For the first three years of Blavity, Morgan didn’t take a salary. She was young and able to keep expenses low. She also made sure the business covered things like travel and conferences. But the reality is, many of you are single moms or caretakers who can’t afford to put everything back into your business for years on end.
So, What Are My Options?
You’ve got two: Owner’s Draw and Traditional Salary. Owner’s draw is when you transfer income from your business account to your personal account. Essentially, you’re writing yourself a check. Easy enough, right? But work with an accountant to make sure you’ve got enough set aside for taxes. The last thing you want is to take out too much and suddenly have a tax bill with no money to cover it.
Now let’s talk traditional salary. A traditional salary is when you pay yourself a regular, consistent salary just like any other employee. How much you take out ultimately depends on your cash flow, but it should be reasonable. To give you an idea, the average business-owner takes home about $69,000.
Let’s Crunch Some Numbers
Before sitting down to withdraw, make sure you’re paying yourself out of your net balance. That’s your business income after you deduct all business expenses (think rent, employee salaries, marketing spend, equipment, etc.).
Because it typically takes a few years for your business to turn a profit, Morgan recommends sticking with your day job a bit longer so you can reinvest your salary and grow as quickly as possible.
Always, always, always separate your business bank account from your personal account. This can feel annoying when you’re just starting out and you’re the only employee, but separating your accounts will save you when it comes to taxes and raising venture funding. Doing your due diligence is critical at this stage of growth.
Plan To Plan
Remember that every dollar you withdraw is a dollar you can’t spend on growing your business. So stay conservative, especially towards the beginning. Only take out what you truly need and invest the rest. And make sure your behavior with money falls in line with the goals you set for your business. In other words, balling out in the early days probably isn’t the best choice.

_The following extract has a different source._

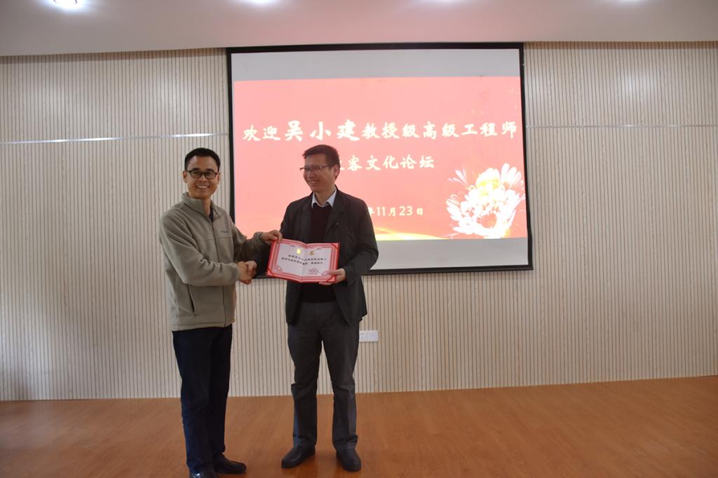 学术报告开始前,窦斌代表学院向吴小建教高颁发我校的兼职教授聘书,期待吴小建教高为我院相关学科的建设、高级人才的培养积极建言献策,为我院学生实践提供学习平台。

And above all, as you start to grow your business, always have a plan for how much in profit you’ll need to pay yourself the salary you want. Start goal-setting now and work towards it. Starting a business from the ground up is likely the hardest work you’ll ever do. It’s tough to prolong the paycheck, but when you do cash out, the money will feel that much sweeter.
This week, write down the profit you’re currently making and what’s ideal for you to be taking home. Ask yourself – how much more money in profit do I need in order to have the income that will make me feel successful? Having goals is critical to achieving them. Plus, planning out measurable markers helps you figure out when you’re falling off-track.
Remember: work smarter, not harder.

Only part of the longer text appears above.